D'une part, les lignes de bataille ne sont pas aussi clairement tracées : lorsque vous vous faites tirer dessus par des artistes laïques et des ministres baptistes, il est souvent plus logique de hisser le drapeau blanc que de déclarer la guerre à tout le monde.

Et si Romney devait s'exprimer dans les cas où son église était injustement ciblée, les journalistes pourraient alors s'attendre à ce qu'il réponde à d'autres questions culturelles et théologiques plus complexes – et il y en aurait beaucoup. Selon Pew, l'écart de compréhension est grand : le mot le plus couramment utilisé par les mormons pour décrire leur foi était « chrétien », tandis que le descripteur le plus populaire utilisé par les non-mormons était « culte ».

Mais alors qu'il est probablement politiquement avisé, la stratégie de Romney crée également une tension inhabituelle entre le candidat et sa communauté confessionnelle. Alors que de nombreux mormons considèrent une Maison-Blanche de Romney comme leur meilleure chance d'être largement accepté culturellement, ils voient également que le candidat Romney minimise sa religion pour y arriver.
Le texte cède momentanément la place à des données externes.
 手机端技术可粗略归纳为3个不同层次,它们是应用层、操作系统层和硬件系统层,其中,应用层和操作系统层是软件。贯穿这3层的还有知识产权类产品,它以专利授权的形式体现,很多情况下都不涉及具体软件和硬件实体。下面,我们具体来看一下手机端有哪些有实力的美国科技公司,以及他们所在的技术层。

Certains mormons le comprennent, mais d'autres souhaitent qu'il utilise son mégaphone pour défendre leurs croyances communes.
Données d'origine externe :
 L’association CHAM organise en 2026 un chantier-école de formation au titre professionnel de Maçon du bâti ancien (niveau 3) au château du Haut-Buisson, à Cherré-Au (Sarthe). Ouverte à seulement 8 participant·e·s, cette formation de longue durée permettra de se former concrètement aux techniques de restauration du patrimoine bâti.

Noah Feldman, un universitaire de Harvard qui a étudié le mormonisme, a déclaré qu'il s'agissait d'un dilemme séculaire pour les minorités qui tentent d'obtenir une plus grande acceptation grâce à leur influence politique.

'Il y a toujours eu deux lignes de pensée à ce sujet', a déclaré Feldman. 'Il y a un groupe qui dit que la façon de surmonter les préjugés est de pédaler doucement, et quand il sera président, il sera toujours le premier président mormon.'

Cette philosophie s'est souvent heurtée à la résistance des secteurs militants d'une minorité donnée. Par exemple, lors de la campagne de 2008, certains dirigeants noirs - comme Cornel West et Travis Smiley - ont remis en question l'engagement d'Obama envers la communauté noire, car il ne parlait pas assez des problèmes qui affectent les minorités urbaines pauvres.
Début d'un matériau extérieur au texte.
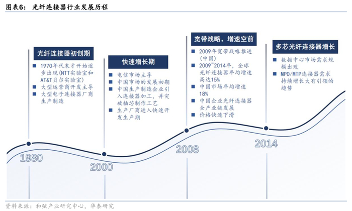 光纤连接器行业发展驱动力经历了由电信市场向数通市场的切换。根据和弦产业研究中心的梳理,全球光纤连接器行业的发展历程大致可以划分为四个阶段:1)1980~2000年为光纤连接器初创期,大型电信运营商参与生产开发,从1990年AT&T推出LC,到1992年NTT推出MPO,光纤连接器产品快速迭代、标准密集推出;2)2000~2008年,全球光纤连接器市场迎来快速增长期,电信运营商开始主导市场。国内厂商从技术模仿、代工到引入光纤连接器与插芯工艺,推动整条产业链发展;3)2008~2014年,国内宽带战略的推动下,我国光纤连接器市场进入高速成长周期;4)2014年至今,数据中心市场逐步取代电信市场,成为光纤连接器行业发展的核心驱动力,因适应于数通场景的高速传输需求,以MPO连接器为主流方向的行业演进路线逐步明确。

Mais faire campagne en tant que défenseur de la foi, ou de la race, n'est pas une voie évidente vers le soutien de la majorité. 'On pourrait dire:' Je m'en fiche si cela prend encore 50 ans, je ne veux pas faire de compromis ', a déclaré Feldman. 'Je respecterais aussi fortement ce point de vue, mais la patience pourrait être nécessaire.'

Dans le cas de Romney, il n'y a pas beaucoup de risque d'une réaction mormone généralisée à son approche discrète de la foi. Certains peuvent ne pas l'aimer, mais l'étude Pew montre que 86 pour cent de tous les électeurs mormons considèrent Romney favorablement. (Jon Huntsman, qui s'est décrit comme un saint des derniers jours moins orthodoxe, n'obtient qu'une cote de faveur de 50 pour cent de la part de ses compatriotes mormons.)

L'année à venir sera peut-être épuisante pour les mormons, mais, a déclaré Feldman, 'le mormonisme a l'habitude de gagner ses détracteurs'.